Vous dites ce qui suit à la page 4:

    D'autres méthodes, comme le chalutage, détruisent les habitats du fond marin avec une gravité variable selon le type de milieu. Une approche écosystémique ou multispécifique de protection des espèces en péril pourrait contribuer à pousser les gestionnaires des pêches à adopter une approche semblable en matière de gestion des pêches.

Je crois que c'est dynamique. Peut-être parce que je suis un peu plus âgée que vous, il y a longtemps que nous attendons que cette question soit soulevée, et je suis préoccupée par le peu d'initiatives que nous avons eues à cet égard.

Donc, vous recommandez que, même si la loi mentionne une approche multispécifique ou écosystémique, une telle approche soit définie. Aidez-moi sur cette question. Que feriez-vous? Comment pourriez-vous aider les membres du présent comité qui aurait peut-être à faire appel à de meilleures définitions afin de soumettre d'éventuelles modifications—ou plutôt devrais-je dire des modifications probables? Comment pourrions-nous arriver à non seulement améliorer la LEP, mais aussi à suggérer l'adoption d'une approche écosystémique ou multispécifique à l'égard des pêches?

Mme Louise White: Vous voulez savoir comment je définirais une approche multispécifique?

Mme Aileen Carroll: Oui, pourriez-vous nous en expliquer l'essentiel?

Mme Louise White: Une approche écosystémique consisterait à sauver un type spécifique d'habitat accueillant un certain nombre d'espèces en voie de disparition, et une approche multispécifique consisterait à se pencher sur le cas de plusieurs espèces qui cohabitent ou qui pourraient faire l'objet de mesures de protection similaires. En général, une approche écosystémique serait davantage axée sur l'habitat.

Sur la côte Ouest, on trouve des monts sous-marins qui accueillent une foule d'invertébrés inusités qu'on ne retrouve pas ailleurs, de sorte qu'une approche écosystémique serait indiquée là. Au lieu d'examiner individuellement chaque espèce qu'on retrouve sur ce mont, on pourrait décider d'adopter une approche écosystémique et de protéger ces monts sous-marins. Pour ce qui est de la Côte Est, je dirais que l'approche s'appliquerait aux endroits où l'on trouve des coraux en eau profonde. On en retrouve le long des bordures de la plate-forme continentale ainsi que dans les chenaux profonds, de sorte qu'on pourrait protéger... parce qu'on y trouve une certaine quantité de coraux. Nous ne disposons pas d'informations suffisantes pour les inscrire sur la liste des espèces en péril, mais cela se produira peut-être un jour.

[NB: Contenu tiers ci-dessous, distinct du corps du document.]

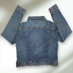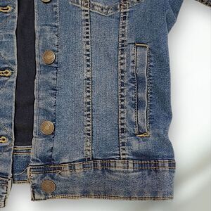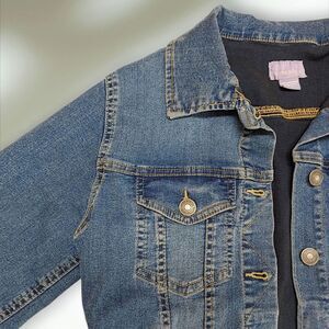 Laura Scott Blue Stretch Denim Button Up Distressed Jean Jacket Women's Small

Mme Aileen Carroll: «La protection de l'habitat exige une certaine restriction ou prévention visant les activités qui se déroulent à l'extérieur de l'habitat protégé.» Vous avez recommandé cela, comme l'ont fait d'autres groupes, et j'appuie énergiquement cette idée. Nous devons établir la protection obligatoire des habitats et des habitats essentiels. Vos demandes sont-elles irréalisables? Si notre comité se bat pour protéger les habitats essentiels, chose que nous ne faisons pas encore—et la plupart de nos invités fournissent d'excellentes raisons de le faire—et étendre son mandat afin de se pencher sur les aires de distribution géographique et les incidences transfrontalières, lesquelles, comme d'autres personnes et vous-même l'avez mentionné, relèvent de notre compétence, et c'est à ce point-ci que je me perds un peu.

Mme Louise White: Cela peut sembler irréalisable, mais une espèce à risque donnée peut n'être touchée que par un seul de ces facteurs, à l'égard duquel nous pouvons peut-être faire quelque chose. Supposons que des usines, situées en amont d'une rivière, rejettent des effluents chimiques qui ont des répercussions sur cette espèce en aval. La LEP reconnaît ces dangers dans le programme de rétablissement...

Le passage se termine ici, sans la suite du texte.